One of the most extraordinary Anglophiliac documents about life in Wilhelminian Germany was written by a German Jew named Willy Ritter Liebermann von Wahlendorf. He was only a few years younger than Richard Schlesinger and Hermann Regensburg and wrote his memoirs in London, in 1936. He couldn’t resist calling it
Mein Kampf
, a title his posthumous publishers wisely dropped.
*

Liebermann came from a much grander family than the Schlesingers or the Regensburgs. His father was a retired industrialist with an aristocratic title, a famous art collection, and connections with the kaiser himself. Max Liebermann, the painter, was a cousin, as was Walther Rathenau, the industrialist, who kept the German economy going during the First World War. Rathenau’s patriotism was repaid after the war with the slogan “Shoot down Walther Rathenau, the Goddamned Jewish swine!” A gang of right-wing zealots proceeded to do just that in 1922, by lobbing a hand grenade into his open limousine and shooting off an automatic gun as he passed down the Königsallee near his house in Berlin.

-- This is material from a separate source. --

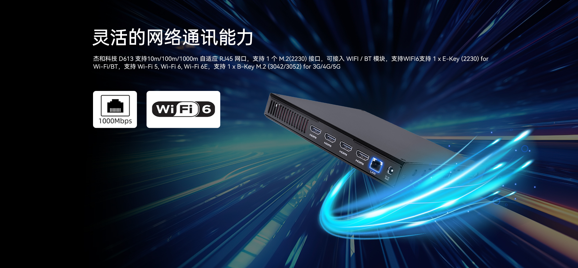 1 x E-Key(2230)for Wi-Fi/BT,支持 Wi-Fi5/6/6E(CNVi)

Willy Liebermann was a typical upper-class Berlin buck: scarred in student duels, dressed in elegant English suits, endowed with an unlimited supply of cash, and able to indulge his taste for horses and fine women, he cut a dash in high society—that is to say, mostly Jewish high society. Even at the highest level, borderlines were still observed. That even the Jewish grandees of Berlin, with their dueling scars, their wealth, and their patriotism, were keeping, or rather, were kept much to themselves, is rather astonishing. But perhaps this says more about Berlin at the time than about Germany. Gentile high society consisted mostly of Prussian Junkers, some of whom married Jewish girls for the money, but who otherwise would have had little in common with the more cultured Jews.